ECLI:NL:CRVB:2015:4293
Centrale Raad van Beroep
- Hoger beroep
- Rechtspraak.nl
Afwijzing laattijdige aanvraag Wet Wajong-uitkering en beoordeling arbeidsongeschiktheid
In deze zaak heeft appellante, geboren in 1960, op 6 juni 2013 een aanvraag ingediend voor een uitkering op grond van de Wet werk en arbeidsondersteuning jonggehandicapten (Wet Wajong). Appellante stelt dat zij arbeidsongeschikt is vanwege visusklachten die sinds haar jeugd bestaan. De verzekeringsarts van het Uwv concludeert echter dat de beperkingen van appellante niet zijn toegenomen na haar 17e verjaardag. De arbeidsdeskundige heeft vastgesteld dat appellante gedurende een substantiële periode in staat was om minimaal 75% van het voor haar geldende maatmanloon te verdienen, wat leidt tot de afwijzing van haar aanvraag op 12 augustus 2013.
Na bezwaar tegen deze afwijzing heeft het Uwv het bezwaar ongegrond verklaard, wat appellante heeft doen besluiten om in beroep te gaan. De rechtbank Noord-Nederland heeft op 14 augustus 2014 het beroep van appellante ongegrond verklaard. In hoger beroep herhaalt appellante haar standpunt dat haar werk als kapster bij een kapsalon een zogenaamde 'witte raven baan' was, waarbij rekening werd gehouden met haar beperkingen. Appellante betoogt ook dat het Uwv niet ambtshalve heeft beoordeeld of zij recht heeft op een uitkering op grond van de Wet WIA of de WAO.

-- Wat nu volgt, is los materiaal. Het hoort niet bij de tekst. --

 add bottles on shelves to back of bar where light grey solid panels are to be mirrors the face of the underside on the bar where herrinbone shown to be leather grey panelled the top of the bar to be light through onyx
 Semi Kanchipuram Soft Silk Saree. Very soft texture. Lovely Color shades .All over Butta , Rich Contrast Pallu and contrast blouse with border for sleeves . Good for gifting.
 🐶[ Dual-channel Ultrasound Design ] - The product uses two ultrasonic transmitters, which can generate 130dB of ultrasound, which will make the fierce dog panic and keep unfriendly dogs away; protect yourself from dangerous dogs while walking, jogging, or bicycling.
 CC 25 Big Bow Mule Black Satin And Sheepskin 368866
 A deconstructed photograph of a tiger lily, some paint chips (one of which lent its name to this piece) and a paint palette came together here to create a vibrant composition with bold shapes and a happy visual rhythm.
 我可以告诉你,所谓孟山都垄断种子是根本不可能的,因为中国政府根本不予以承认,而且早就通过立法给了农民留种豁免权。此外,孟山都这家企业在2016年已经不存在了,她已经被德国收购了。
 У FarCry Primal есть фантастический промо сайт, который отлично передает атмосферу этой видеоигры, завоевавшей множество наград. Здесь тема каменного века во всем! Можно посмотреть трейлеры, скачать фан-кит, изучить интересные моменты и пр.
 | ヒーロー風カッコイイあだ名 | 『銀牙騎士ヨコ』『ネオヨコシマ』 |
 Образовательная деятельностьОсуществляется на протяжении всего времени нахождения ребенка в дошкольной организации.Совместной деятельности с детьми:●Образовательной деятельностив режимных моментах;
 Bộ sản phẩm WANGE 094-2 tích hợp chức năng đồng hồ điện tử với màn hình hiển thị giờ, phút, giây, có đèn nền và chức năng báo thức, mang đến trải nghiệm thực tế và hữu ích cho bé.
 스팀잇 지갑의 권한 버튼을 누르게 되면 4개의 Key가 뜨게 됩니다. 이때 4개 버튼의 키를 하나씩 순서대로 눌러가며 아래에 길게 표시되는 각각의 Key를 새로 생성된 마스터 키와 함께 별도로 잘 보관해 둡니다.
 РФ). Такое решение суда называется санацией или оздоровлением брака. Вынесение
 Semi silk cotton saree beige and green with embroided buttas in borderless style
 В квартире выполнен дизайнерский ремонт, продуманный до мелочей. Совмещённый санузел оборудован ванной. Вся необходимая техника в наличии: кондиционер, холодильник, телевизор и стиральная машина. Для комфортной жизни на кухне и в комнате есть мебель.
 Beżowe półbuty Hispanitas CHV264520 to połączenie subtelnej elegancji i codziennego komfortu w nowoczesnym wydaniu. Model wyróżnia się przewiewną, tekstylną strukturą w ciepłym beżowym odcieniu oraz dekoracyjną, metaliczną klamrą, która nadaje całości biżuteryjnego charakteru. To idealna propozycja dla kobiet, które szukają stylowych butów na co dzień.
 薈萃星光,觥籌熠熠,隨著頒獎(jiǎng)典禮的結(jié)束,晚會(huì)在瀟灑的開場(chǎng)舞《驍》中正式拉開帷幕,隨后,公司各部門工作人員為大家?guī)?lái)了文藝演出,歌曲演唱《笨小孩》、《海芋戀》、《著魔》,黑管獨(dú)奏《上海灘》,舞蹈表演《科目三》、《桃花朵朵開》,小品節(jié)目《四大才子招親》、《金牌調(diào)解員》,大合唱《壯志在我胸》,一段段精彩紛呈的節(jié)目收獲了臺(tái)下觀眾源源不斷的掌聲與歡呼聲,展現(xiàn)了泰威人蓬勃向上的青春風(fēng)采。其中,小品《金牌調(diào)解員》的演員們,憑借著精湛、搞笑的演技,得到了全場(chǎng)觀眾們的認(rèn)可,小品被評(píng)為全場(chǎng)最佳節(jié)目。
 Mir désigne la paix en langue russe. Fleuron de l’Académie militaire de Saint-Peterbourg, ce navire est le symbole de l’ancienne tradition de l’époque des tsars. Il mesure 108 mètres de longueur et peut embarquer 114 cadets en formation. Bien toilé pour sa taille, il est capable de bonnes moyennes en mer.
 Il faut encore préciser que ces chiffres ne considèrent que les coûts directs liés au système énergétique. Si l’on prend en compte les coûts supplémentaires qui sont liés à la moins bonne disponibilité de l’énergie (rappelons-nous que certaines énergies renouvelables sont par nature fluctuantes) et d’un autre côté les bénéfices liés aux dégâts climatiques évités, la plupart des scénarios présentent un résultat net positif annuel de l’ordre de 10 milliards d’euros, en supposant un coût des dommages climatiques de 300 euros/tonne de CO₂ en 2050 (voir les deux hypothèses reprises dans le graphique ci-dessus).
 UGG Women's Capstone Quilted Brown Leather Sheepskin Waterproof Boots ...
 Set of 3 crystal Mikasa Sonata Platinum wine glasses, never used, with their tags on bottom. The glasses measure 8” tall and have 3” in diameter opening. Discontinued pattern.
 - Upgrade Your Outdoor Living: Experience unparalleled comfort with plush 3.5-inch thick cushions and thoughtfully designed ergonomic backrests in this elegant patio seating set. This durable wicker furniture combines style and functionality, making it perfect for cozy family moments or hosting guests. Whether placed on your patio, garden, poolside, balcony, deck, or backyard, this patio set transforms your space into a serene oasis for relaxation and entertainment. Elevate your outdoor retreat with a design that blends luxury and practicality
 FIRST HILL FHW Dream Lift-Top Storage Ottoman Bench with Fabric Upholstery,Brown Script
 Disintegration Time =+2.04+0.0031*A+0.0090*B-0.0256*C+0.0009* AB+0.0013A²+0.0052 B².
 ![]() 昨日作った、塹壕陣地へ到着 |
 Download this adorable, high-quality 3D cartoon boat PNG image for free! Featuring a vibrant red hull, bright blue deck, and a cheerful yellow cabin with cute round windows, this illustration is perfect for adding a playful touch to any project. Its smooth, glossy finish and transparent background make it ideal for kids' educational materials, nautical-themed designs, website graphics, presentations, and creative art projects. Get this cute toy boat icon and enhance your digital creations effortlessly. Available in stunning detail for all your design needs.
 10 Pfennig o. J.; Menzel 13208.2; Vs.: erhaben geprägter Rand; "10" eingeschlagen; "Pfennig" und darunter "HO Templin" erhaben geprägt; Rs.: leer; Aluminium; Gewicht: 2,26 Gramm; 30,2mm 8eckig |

De Centrale Raad van Beroep heeft in zijn uitspraak van 23 november 2015 geoordeeld dat de rechtbank terecht heeft vastgesteld dat appellante niet kan worden gevolgd in haar standpunt over de 'witte raven baan'. De Raad bevestigt de conclusie van de arbeidsdeskundige dat appellante meer dan 75% van het maatmanloon heeft verdiend in gangbaar werk. Het verzoek van appellante om schadevergoeding wordt afgewezen, en de Raad bevestigt de aangevallen uitspraak, met verbetering van gronden.